The birth defects and microcephaly accompanying the 2015 - 2016 Zika outbreak in Brazil were well publicised. However, the exact mechanism by which the virus crosses the placenta and infects foetal brain tissue is still being studied. One theory involves the antibody-dependent-enhancement phenomena best known to occur in DENV: where non-neutralising antibodies from previous infections enhance viral replication. Both Zika and Dengue viruses share the Aedes aegypti mosquito vector, and are known to co-circulate in Brazil so it has been posited that pre-existing DENV antibodies may be enhancing viral replication in congenital Zika cases. 
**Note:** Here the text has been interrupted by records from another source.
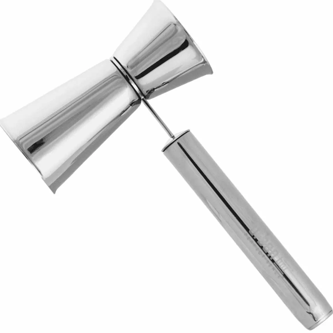Barmaß mit zwei Messbechern und einem in der Mitte angebrachtem Griff. Dies sieht professionell aus und ermöglicht ein leichtes Handling des Messbechers ohne diesen zwischen den Fingern einzuklemmen. Sollte beim Eingießen der Cocktail Zutaten in den Shaker mal etwas am Barmaß herunterlaufen oder aus dem Rührglas spritzen landet die Flüssigkeit nicht auf ihren Händen.
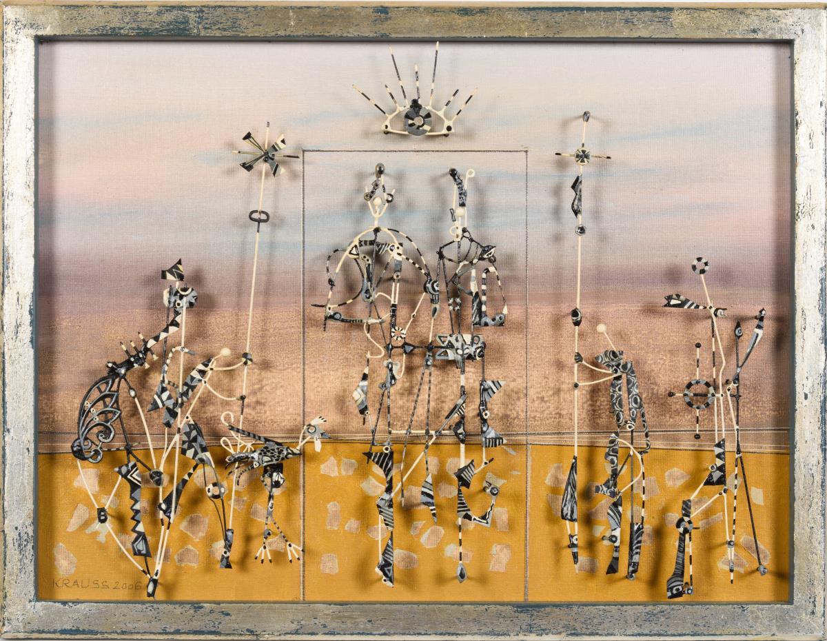 Mischtechnik mit figürlichen Metallapplikationen. Unsigniert.
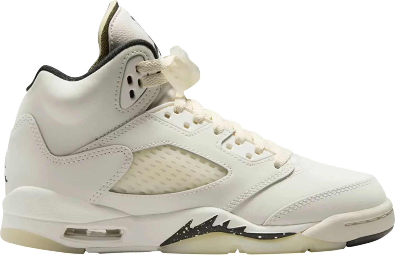 Made for big kids, the Air Jordan 5 Retro SE GS 'Sail' updates the classic silhouette with a chalk white suede upper. The hallmark features of the AJ5 remain intact, including molded TPU eyelets, lace locks, and ventilated quarter panel netting. Exterior branding is limited to an embroidered Jumpman on the back heel and exposed foam tongue. Visible Air-sole cushioning enhances the white foam midsole, accented with speckled black shark tooth detailing. Underfoot, a semi-translucent rubber outsole provides reliable grip.
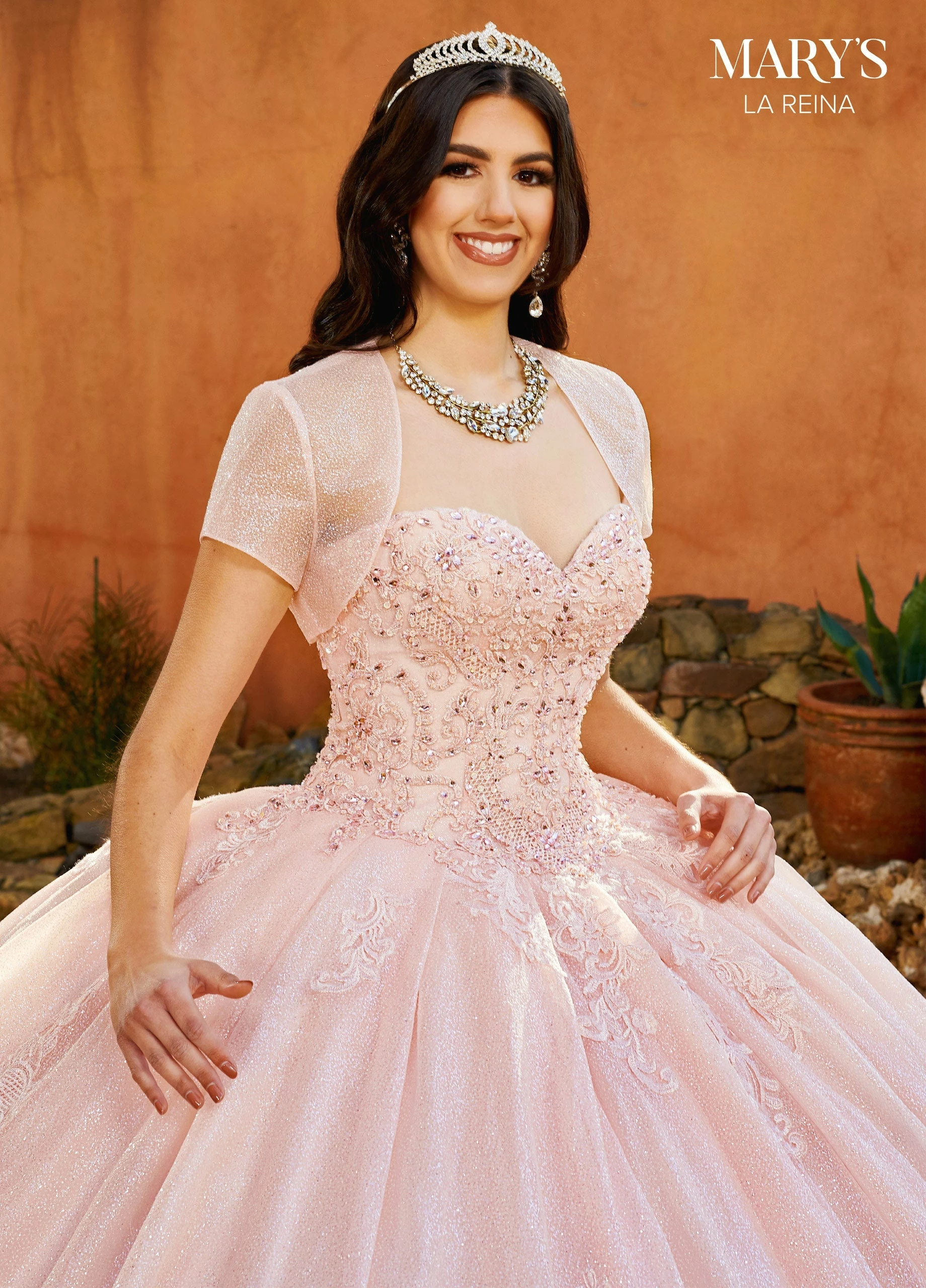 Receive lots of compliments in this long strapless tulle dress with A-line skirt by Mary’s Bridal Quinceanera MQ2156. This strapless glitter tulle quinceanera ball gown features a sweetheart neck line, detachable long fitted sleeves, beading detail, lace applique, pleated skirt with scallop train, lace-up back closure. Matching tulle bolero jacket is included.
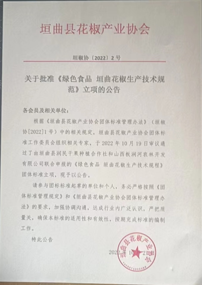 垣曲县花椒产业协会关于批准《绿色食品 垣曲花椒生产技术规范》立项的公告
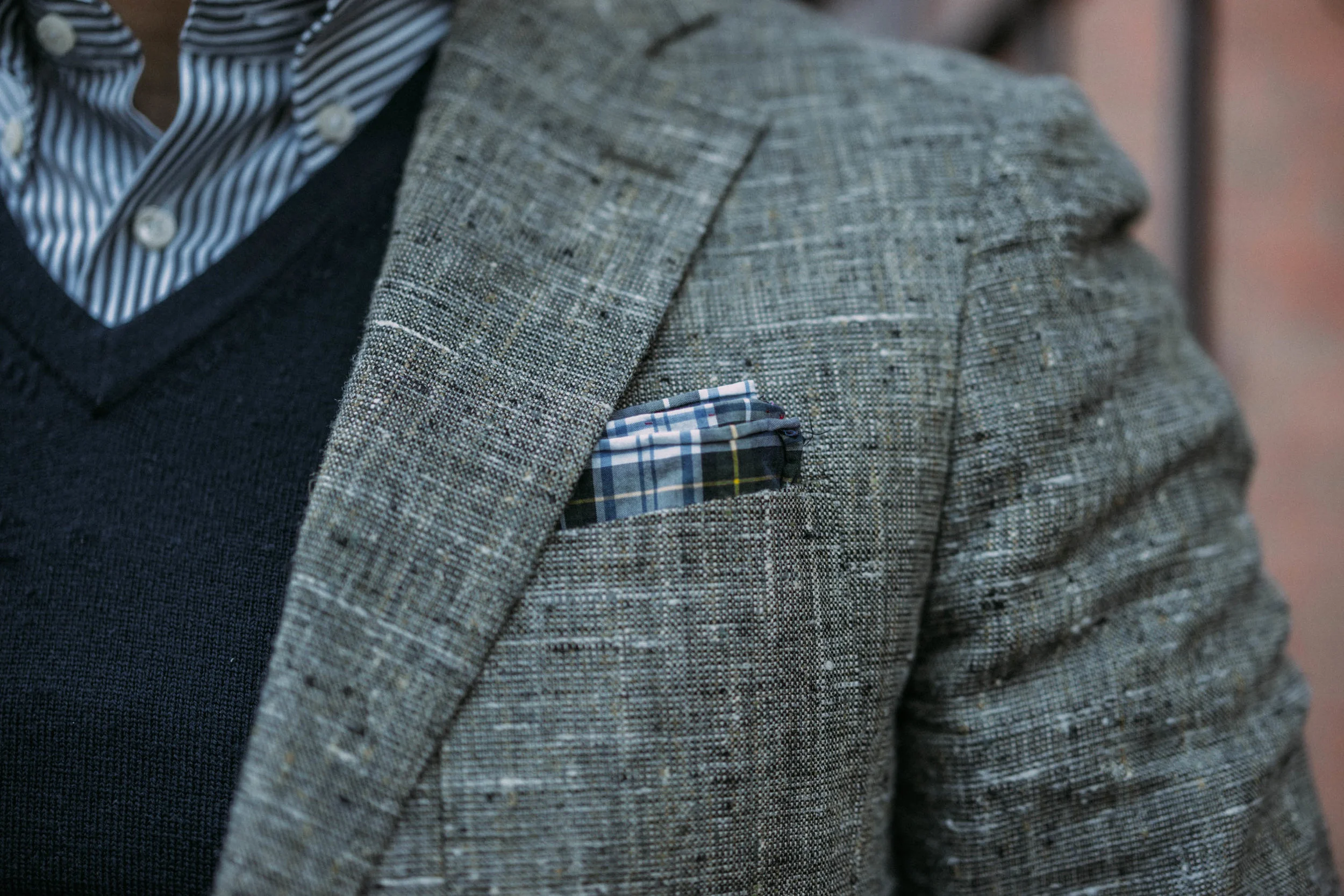 Now take this jacket as an example. Its earthy green color allows it to span all seasons, its light weight makes it perfect for spring/summer, and its texture is not unlike all my flecked wool trousers. For today's look, I layered it with a medium weight sweater that's easy to shed in the event the temperature creeps into the 70s by the afternoon (now, could you imagine that happening?)
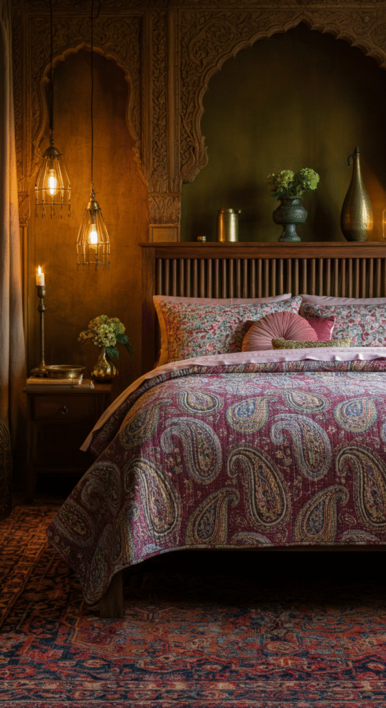 Traditional Indian prints like paisley, block print florals, mughal motifs, or intricate vines work beautifully in a bedroom that leans toward a cultural heritage vibe.
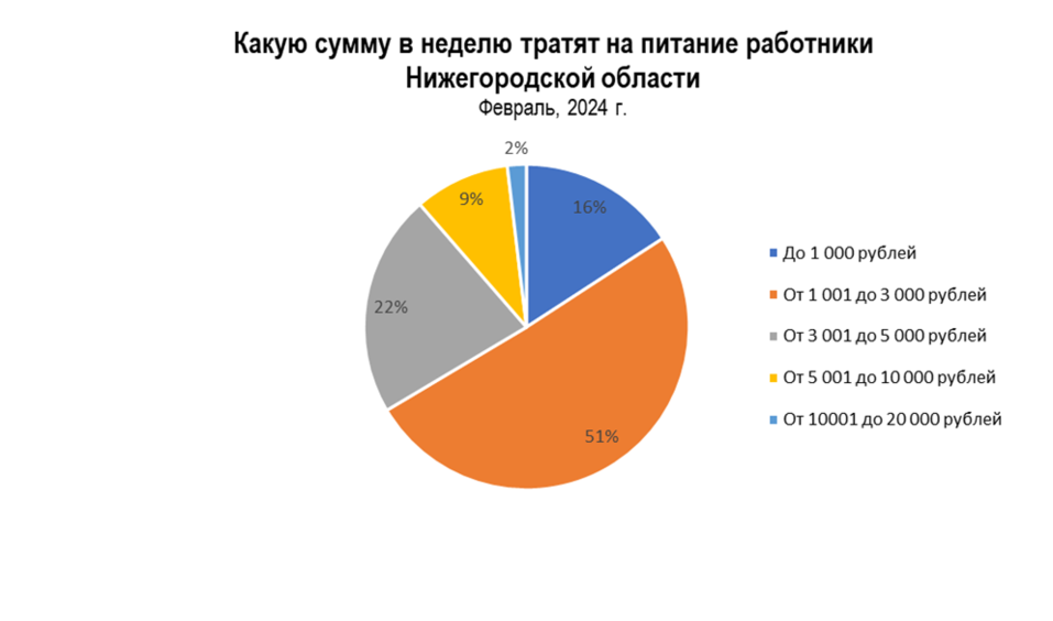 51% работников из Нижегородской области тратит на обеды в среднем за неделю от 1 тыс. до 3 тыс. руб. 16% участников опроса hh.ru посещают кафе или заказывают еду на работу. Еще 35% респондентов предпочитают брать обед из дома, 49% — питаются в рабочее время либо домашней едой, либо идут на бизнес-ланч. На обед 75% нижегородцев выбирают блюда из мяса/ рыбы/ птицы с гарниром, 66% — салаты, а 56% — супы. В список других любимых блюд местных работников вошли: Аналитики выявили связь между тем, что едят опрошенные и их профессиям. Как выяснилось, мясо, рыбу и птицу с гарниром чаще других потреблят управленцы — 81%, IT-специалисты — 79% и административный персонал — 78%. Салат больше нравятся работникам науки и образования — 77%, индустрии искусства, развлечений, массмедиа — 76%, а также финансисты и бухгалтеры. Супы в целом нижегородские работники едят реже. Им обедают айтишники — 63% и специалисты производства и сервисного обслуживания — 63%, — говорится в сообщении. Вторые по популярности

Primary DENV infection  prompts the host adaptive immune response to raise neutralising antibodies for the envelope protein of the virus, inhibiting cellular entry and viral replication. As the immune response matures, antibodies become increasingly specific and cross-reactive to provide long-lasting immunity. These antibodies persist into patient convalescence, and if a secondary Dengue serotype is encountered are thought to promote viral entry into FcγR bearing cells such as monocytes through Fc-receptor-mediated-endocytosis. Secondary Dengue infection thus results in increased viraemia and host inflammatory responses, leading to the increased pathologies of Dengue haemorrhagic fever and shock syndrome.

The findings

From a Thailand cohort containing 16 Dengue-infected children,  researchers gathered plasma and peripheral blood cell samples from acutely infected and convalescent patients. Preliminary testing revealed that plasma from patients convalescing from a secondary Dengue infection bound both DENV and ZIKV, but when neutralising ability against Zika strains HD78788 and PF13 (Africa and French Polynesia respectively) were assessed, the investigators found ZIKV neutralisation to be far less efficient than that of DENV.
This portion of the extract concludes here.